Protection de l'enfance - Mineurs isolés étrangers : le fonds de financement de la protection de l'enfance mis à contribution
Un décret du 18 août 2015 procède à une nouvelle répartition des dépenses du fonds national de financement de la protection de l'enfance, mis en place par la loi du 5 mars 2007 réformant la protection de l'enfance. L'objet du fonds - dont les débuts ont été très laborieux, puisqu'il a fallu attendre trois ans pour le décret d'application - est "de compenser les charges résultant pour les départements de la mise en oeuvre de la présente loi selon des critères nationaux et des modalités fixés par décret et de favoriser des actions entrant dans le cadre de la réforme de la protection de l'enfance et définies par voie conventionnelle entre le fonds et ses bénéficiaires".
Une sous-enveloppe dédiée au financement des MIE
En l'occurrence, le décret du 18 août 2015 touche au sujet le plus sensible dans les relations entre l'Etat et les départements en matière de protection de l'enfance : la prise en charge des MIE, ou mineurs isolés étrangers (voir nos articles ci-contre). Depuis le décret du 17 mai 2010 mettant en place le fonds, celui-ci comprend deux enveloppes distinctes. La première regroupe les crédits destinés à compenser les charges résultant pour les départements de la mise en œuvre de la loi de 2007. La seconde comprend les crédits de soutien aux actions entrant dans le cadre de la réforme de la protection de l'enfance, y compris celles à caractère expérimental (aide à la parentalité, aide à la protection des enfants vivant dans la précarité économique...).
Le décret du 18 août 2015 introduit une nouvelle subdivision en éclatant la première enveloppe en deux sous-enveloppes. La première comprend désormais "les crédits destinés à être versés sous forme de dotations à l'ensemble des départements". La seconde - qui correspond à l'innovation apportée par le décret - regroupe "des crédits spécifiquement dédiés au remboursement des dépenses engagées par les départements dans le cadre du financement de la phase de mise à l'abri, d'évaluation et d'orientation des enfants sans représentant légal sur le territoire français".

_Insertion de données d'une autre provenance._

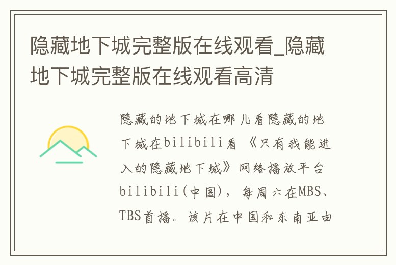 隱藏的地下城在bilibili看 《只有我能進(jìn)入的隱藏地下城》網(wǎng)絡(luò)播放平臺(tái)bilibili(中國(guó)),每周六在MBS、TBS首播。該片在中國(guó)和東南亞由OTT平臺(tái)bilibili提供視頻點(diǎn)播服務(wù)。電視動(dòng)畫片《只有我能進(jìn)入的隱藏地下城》改編自瀬戸メグル著。
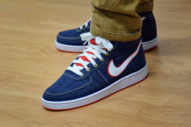 Cette Nike Vandal Hi rappellera à quelques-uns un autre modèle basketball décliné de la même façon au début des années 2000, la Nike Blazer, pour le marché asiatique. Son design s’inspire en effet d’un jean : empeigne en denim, surpiqures et oeillets de la couleur de rivets… La marque a également eu la bonne idée d’ajouter des lacets légèrement plus épais. Cette Nike Vandal Hi Supreme Denim, de la collection Spring 2014, est en vente sur SNKRS.
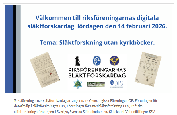 Vi planerar för en studiecirkel under våren 2026 om grunderna i Disgen.. Vi hjälper dig med att ladda ner aktuell Disgenversion vid första träffen och att flytta över din forskning från äldre versioner. Det blir 4 – 5 träffar och du använder egen dator.

Il appartiendra au comité de gestion du fonds de décider de la répartition entre les deux sous-enveloppes et de fixer les modalités de remboursement des dépenses engagées au titre de la seconde sous-enveloppe.
Une péréquation financière de fait
Compte tenu des fortes inégalités territoriales dans la prise en charge des MIE, le décret du 18 août 2015 instaure, de fait, une péréquation horizontale entre départements, en permettant d'accroître l'aide allouée à ceux concernés au premier chef par ces prises en charge (en l'occurrence plutôt les grands départements urbains). D'une certaine façon, ce fléchage des crédits constitue le pendant financier de la péréquation géographique instaurée - partiellement - par le protocole conclu entre la ministre de la Justice et l'Assemblée des départements de France, et qui a été pour partie annulé par le Conseil d'Etat en février dernier (voir nos articles ci-contre).
Pour mémoire, le fonds national de financement de la protection de l'enfance est abrité par la Caisse nationale des allocations familiales (Cnaf). Il est financé par un versement annuel de la Cnaf, arrêté en loi de financement de la sécurité sociale, et par un versement de l'Etat, fixé en loi de finances. Son comité de gestion associe des représentants de la Cnaf, des départements et de l'Etat.
Jean-Noël Escudié / PCA
Référence : décret 2015-1013 du 18 août 2015 modifiant certaines dispositions du décret du 17 mai 2010 relatif au fonds national de financement de la protection de l'enfance (Journal officiel du 20 août 2015).